The fourth type is the projection method. For example, calibration transfer method based on canonical correlation analysis (CCACT) [20
], which uses CCA to find the set of canonical variables that are maximally correlated between the standard set of the master instrument and the slave instruments. Further explore the transfer relationship between the two canonical variables.
In practical applications, it is difficult or even impossible to measure the same samples on two instruments due to the position of the measuring instrument and the stability of the samples, etc. At this time, it is necessary to use a method that does not require measurement of the same standard samples, that is, a non-standard method. These methods are mainly divided into two types.
One is the signal preprocessing method, which removes the baseline offset and the linearly sloped baselines by simple mathematical operations of the first derivative and the second derivative. Common methods include multiplicative signal correction (MSC) [21
], finite impulse response (FIR) filtering [22
], generalized moving window MSC (W-MSC) [21
], OSC [23
], etc., wherein FIR and MW-MSC are variants of MSC. However, it must be noted that these simple preprocessing methods do not handle complex changes between the master spectra and the slave spectra.
The other is the projection method. It includes transfer component analysis (TCA) [25
] and kernel principal component analysis (KPCA) [26
]. TCA projects the master spectra and the slave spectra into a common feature space in which the distribution of the master spectra and the slave spectra are as similar as possible while retaining the key properties of the spectra. TCA and KPCA use different kernels, so they can cope with nonlinear and more complex changes in the spectra.
In this paper, a novel projection method is proposed, which is a feature transfer model based on PLS subspace (PLSCT). PLSCT establishes the PLS model of the calibration set of the master instrument firstly, constructing a low-dimensional PLS subspace, which is a feature space constructed by the spectral feature vectors. The PLS model is then used to extract the predicted features of the master spectra and the pseudo predicted features of the slave spectra, that is, to project all spectra of the master instrument and slave instrument into this PLS subspace. Then, the ordinary least squares method is used to explore the relationship between the two features in the identical PLS subspace, the relationship will then be resorted to construct a feature transfer relationship model.
Notice that the pseudo predicted feature of the slave spectra is acquired by the PLS model established by the master instrument rather than the PLS model of the slave instrument. And PLSCT does not need the response variable corresponding to the standard set. In addition, compared with PDS, PLSCT corrects the feature of the spectra rather than the spectra.
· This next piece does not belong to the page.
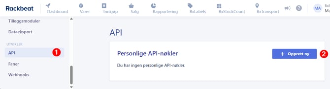 For å integrere med Rackbeat må du opprette en API-nøkkel. Dette må gjøres av en bruker med administratortilgang i Rackbeat.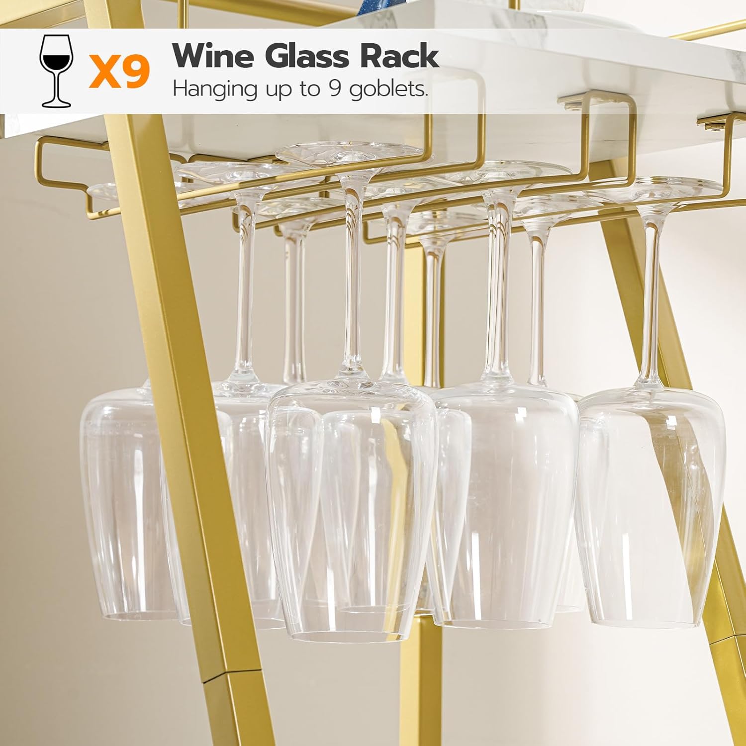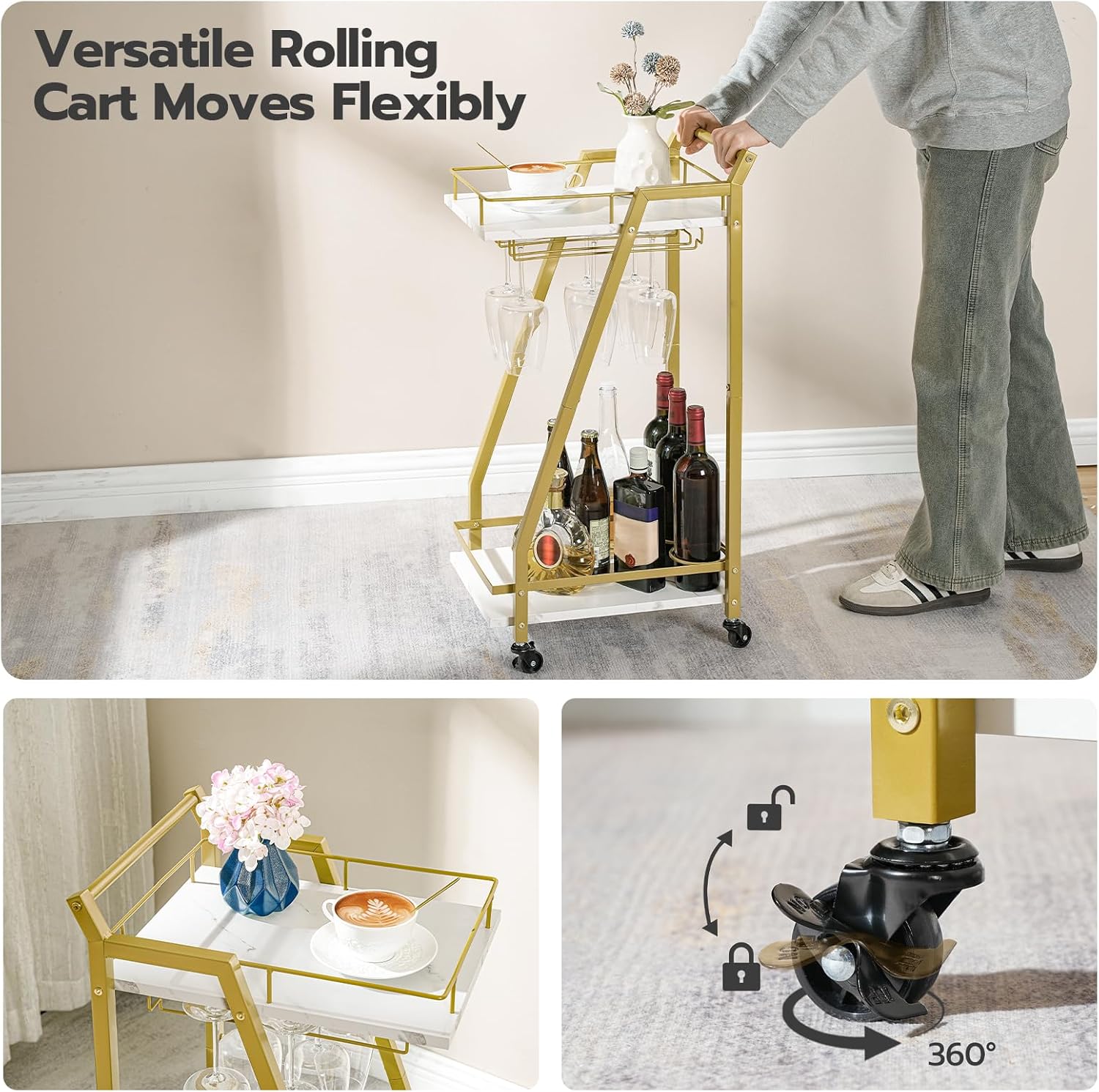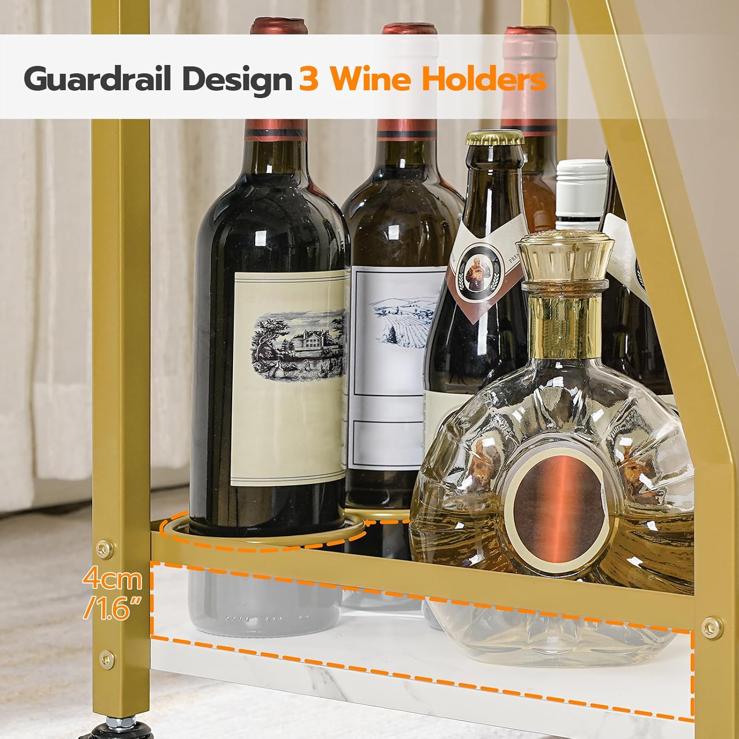 - Double Storage: The home bar cart features 2 spacious storage levels with guardrails to prevent items from falling accidentally. This gold bar cart also includes a wine rack and glass holder that can hold up to 3 bottles of wine and 9 glasses, providing easy access

In contrast to CCACT, PLSCT uses PLS to find the covariance between the spectra and the response variable, instead of using CCA to find the correlation between the master spectra and the slave spectra.
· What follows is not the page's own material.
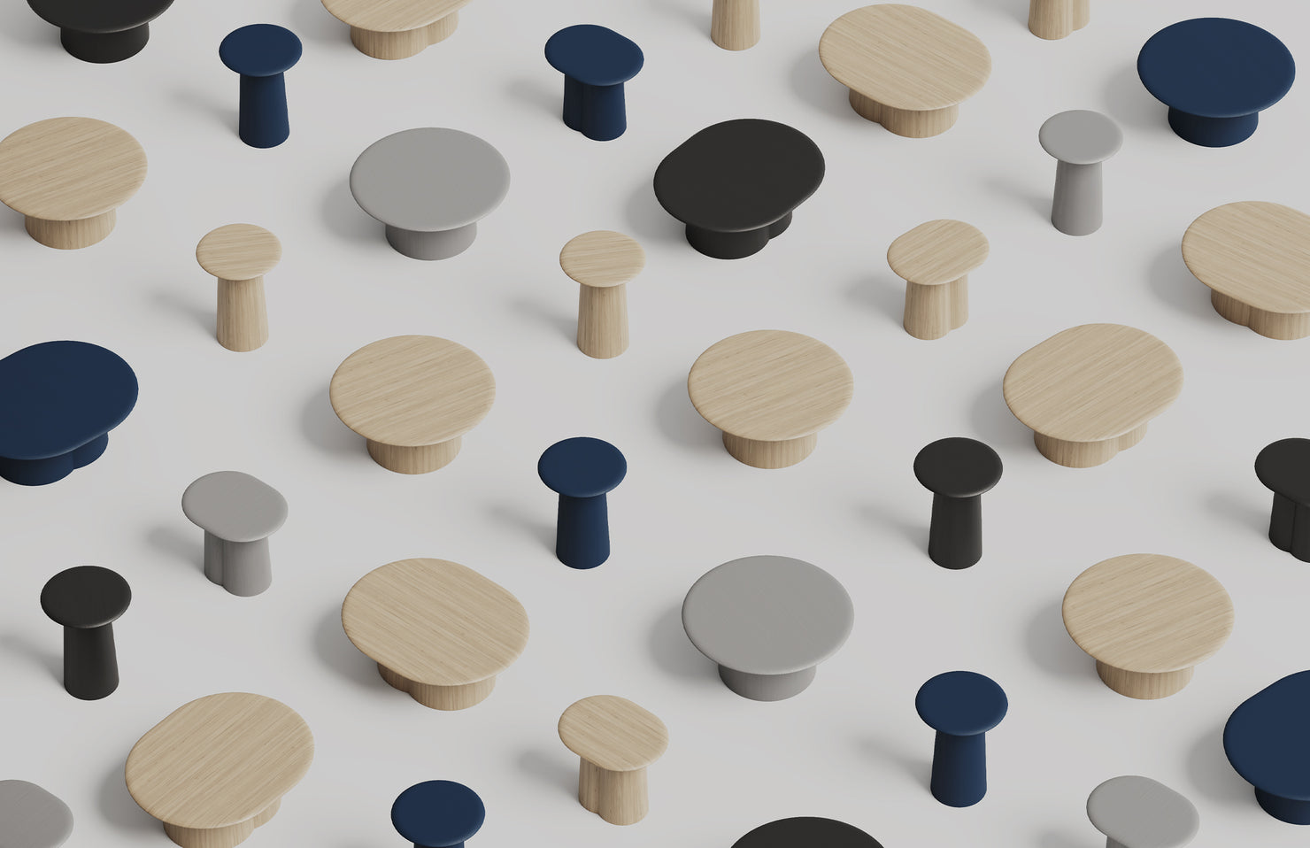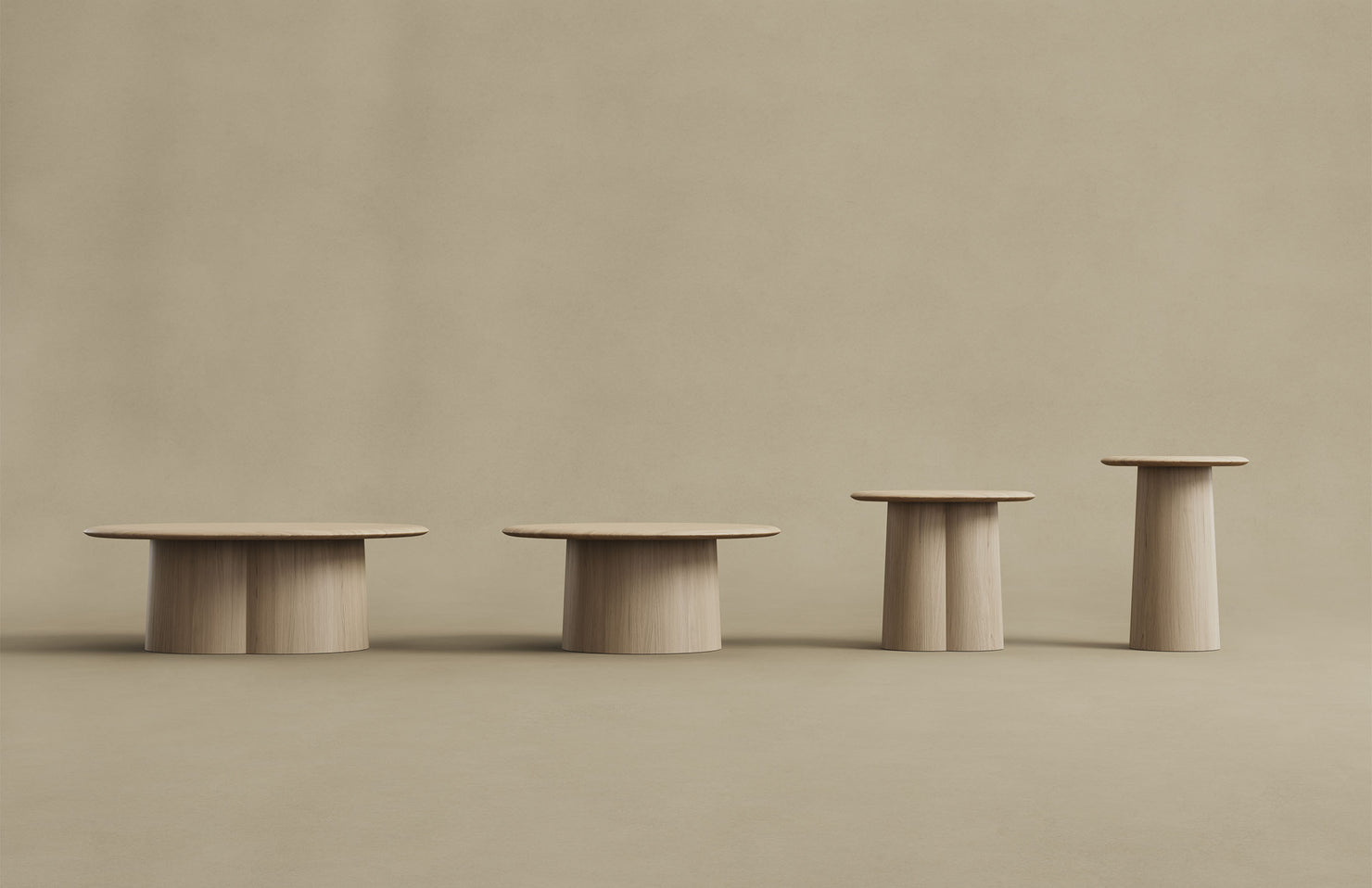Made of oak, the tapered edge gives an added sense of tactility, adding a softness to the solid wood tops. Various sizes and shapes offered allow for easy combinations.

In order to validate the performance of the PLSCT model, we not only compare its prediction results against those of the SBC, PDS, CCACT, GLSW, and MSC methods, but also apply the Wilcoxon signed rank test [27
] to determine whether PLSCT is statistically significantly superior to other models. The experiment was conducted in three real near-infrared datasets. By analyzing all the experimental results, we conclude that the PLSCT can significantly reduce the prediction error.